The absence of riders, and the fares they pay, will eventually become an issue for the MBTA. T officials on Monday said the $845 million in new federal funds should allow the T to balance its budget in fiscal 2022, which begins July 1, without repurposing funds set aside for capital projects. T budget officials said they plan to use $139 million to help balance the fiscal 2022 budget, $503 million to balance the fiscal 2023 budget, and $203 million to put toward the fiscal 2024 budget.

Once the federal funds run out, the T is currently forecasting budget deficits of $202 million in fiscal 2024, which begins July 1, 2023, and deficits of $458 million in fiscal 2025 and $495 million in fiscal 2026.

The T is currently going with the most pessimistic forecast for ridership of three scenarios under consideration.

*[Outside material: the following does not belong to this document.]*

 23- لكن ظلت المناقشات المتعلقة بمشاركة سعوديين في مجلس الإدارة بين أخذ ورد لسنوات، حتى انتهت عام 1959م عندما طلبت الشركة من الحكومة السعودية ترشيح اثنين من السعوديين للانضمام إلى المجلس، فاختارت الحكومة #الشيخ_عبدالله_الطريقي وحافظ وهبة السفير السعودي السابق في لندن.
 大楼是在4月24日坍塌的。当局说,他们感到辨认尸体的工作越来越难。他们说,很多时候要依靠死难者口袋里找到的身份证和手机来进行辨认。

There was some talk at Monday’s meeting about adopting a more optimistic forecast, but the board ultimately decided not to do that because even with the most optimistic scenario the federal money eventually runs out and deficits surface.

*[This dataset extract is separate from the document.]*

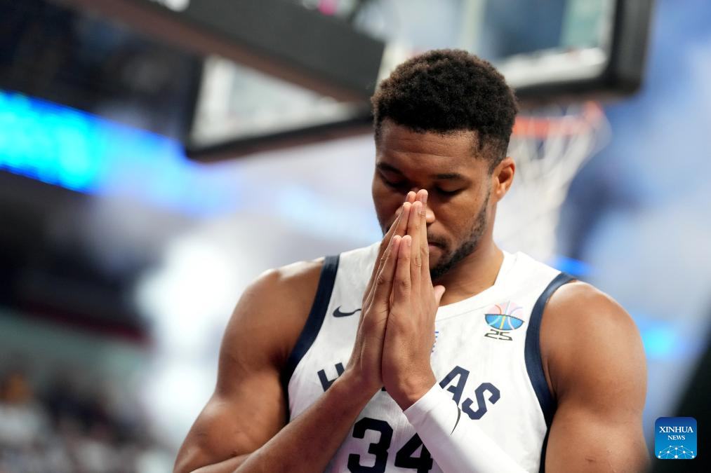 Giannis Antetokounmpo of Greece reacts during the FIBA EuroBasket 2025 3rd place match between Greece and Finland in Riga, Latvia, on Sept. 14, 2025. (Photo by Edijs Palens/Xinhua)

“One way or another this is going to be a long-term structural deficit,” said control board member Sullivan.

Joe Aiello, the chair of the control board, pressed the T staff to get more aggressive in addressing the agency’s looming budget problems by transforming the way the agency operates. “The T that exists today cannot continue to exist in fiscal 2024 and fiscal 2025,” he said.

For example, Aiello said, a new fare collection system is being developed that its backers said will help the T to recover some $40 million in uncollected fare revenue. Aiello asked whether that estimate was incorporated into the budget projects, and was told it was not.

Aiello said the T can increase productivity by shifting to electric trains and buses, which require less maintenance. He said new Green Line cars will allow one driver to transport as many passengers as two do currently. And he said the new commuter rail schedule coming April 5, which features service spread out over the course of the day rather than concentrated at peak periods, will generate tens of millions of dollars in savings. More labor savings may be possible once trains equipped with automatic doors pull up to stations with door-level platforms, dispensing with the need to have conductors opening doors at each stop.

But some of the productivity gains that Aiello was talking about are likely to face opposition from members of the congressional delegation, who complained when 40 assistant conductors were going to be permanently furloughed with efficiencies realized from the April 5 changes on commuter rail. The T eliminated those furloughs after US Rep. Steven Lynch complained.